8. Il ressort en outre des pièces du dossier qu’à la date de la décision attaquée, M. A résidait depuis deux années en France, où il a été pris en charge par l’aide sociale à l’enfance du 7 juillet 2020 au 21 novembre 2021. M. A justifie également d’une insertion professionnelle par la production d’un contrat d’apprentissage avec la société l’As des Carreaux du 8 février 2021 au 31 août 2023. Il ressort en outre des termes de la décision attaquée que, dans le cadre de sa formation « CAP Carreleur mosaïste », il bénéficie d’une inscription scolaire au centre de formation d’apprentis de la grande Tourrache et que le rapport d’insertion établi par la structure ADSEAAV de Toulon relève le sérieux et la motivation de l’intéressé. Enfin, il ne ressort pas des pièces du dossier que l’intéressé aurait maintenu des relations avec son père, sa mère et ses jeunes sœurs, ces dernières étant restées dans son pays d’origine.

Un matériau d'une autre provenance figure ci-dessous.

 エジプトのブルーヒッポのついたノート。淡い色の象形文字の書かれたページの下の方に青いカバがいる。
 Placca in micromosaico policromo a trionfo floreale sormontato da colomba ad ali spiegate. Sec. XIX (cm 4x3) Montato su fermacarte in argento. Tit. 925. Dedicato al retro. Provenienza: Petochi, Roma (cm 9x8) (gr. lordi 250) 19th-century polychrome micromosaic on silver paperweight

9. Compte tenu de l’ensemble de ces éléments, M. A est fondé à soutenir que le préfet du Var a commis une erreur manifeste d’appréciation en refusant de l’admettre exceptionnellement au séjour en application des dispositions de l’article L. 435-3 du code de l’entrée et du séjour des étrangers et du droit d’asile.
10. Il résulte de tout ce qui précède, sans qu’il soit besoin d’examiner les autres moyens de la requête, que la décision de refus de titre de séjour opposée à M. A doit être annulée, ainsi que, par voie de conséquence, les décisions du même jour par lesquelles le préfet du Var l’a obligé à quitter le territoire français et a fixé le pays de destination.

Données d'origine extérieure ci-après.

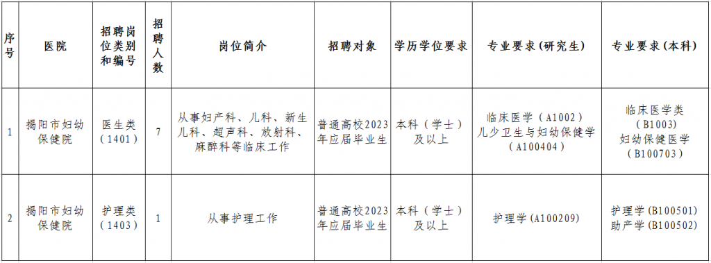 在揭阳市委市政府的大力支持下,揭阳市妇幼保健院住院综合大楼现已投入使用,为满足业务发展需求,我院将于2023年5月29日在南方医科大学(广州)、6月1日在广东医科大学(湛江校区)采取现场面试签约的形式,面向社会公开招聘8名工作人员。现将有关事项公告如下: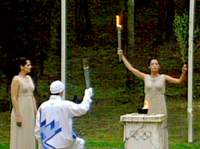 圖文:鹽湖城冬奧會火炬傳遞將經46個州歷時65天 2001年11月20日 15:26 ![]() 2002年美國鹽湖城冬季奧林匹克運動會火炬19號在希臘的奧林匹亞山上點燃,希臘女演員塔利亞·普羅科皮約裝扮的希臘女神手捧奧運圣火火種,開啟了慶典儀式。

Sur les conclusions à fin d’injonction :
11. Eu égard au motif d’annulation retenu par le présent jugement, son exécution implique que le préfet du Var délivre à M. A le titre de séjour sollicité. Il y a lieu d’enjoindre à cette autorité d’y procéder, dans le délai de deux mois à compter de la date de notification du présent jugement. Il y a lieu, dans l’attendre, d’enjoindre au préfet du Var de lui délivrer une autorisation provisoire de séjour autorisant l’intéressé à travailler, dans un délai de quinze jours.
Sur les frais d’instance :
12. M. A a obtenu le bénéfice de l’aide juridictionnelle totale. Par suite, son avocate peut se prévaloir des dispositions des articles L. 761-1 du code de justice administrative et 37 de la loi du 10 juillet 1991. Il y a lieu, dans les circonstances de l’espèce, et sous réserve que Me Lagardère, avocate de M. A, renonce à percevoir la somme correspondant à la part contributive de l’État, de mettre à la charge de l’Etat le versement à cette dernière de la somme de 1 200 euros.
D E C I D E :
Article 1er : L’arrêté du 13 octobre 2022 est annulé.
Article 2 : Il est enjoint au préfet du Var de délivrer à M. A un titre de séjour sur le fondement de l’article L. 435-3 du code de l’entrée et du séjour des étrangers et du droit d’asile dans un délai de deux mois à compter de la notification du présent jugement. Il est enjoint au préfet du Var de délivrer à M. A une autorisation provisoire de séjour autorisant l’intéressé à travailler, dans un délai de quinze jours à compter de la notification du présent jugement.
Article 3 : L’Etat versera à M. A la somme de 1 200 euros en application de l’article L. 761 du code de justice administrative.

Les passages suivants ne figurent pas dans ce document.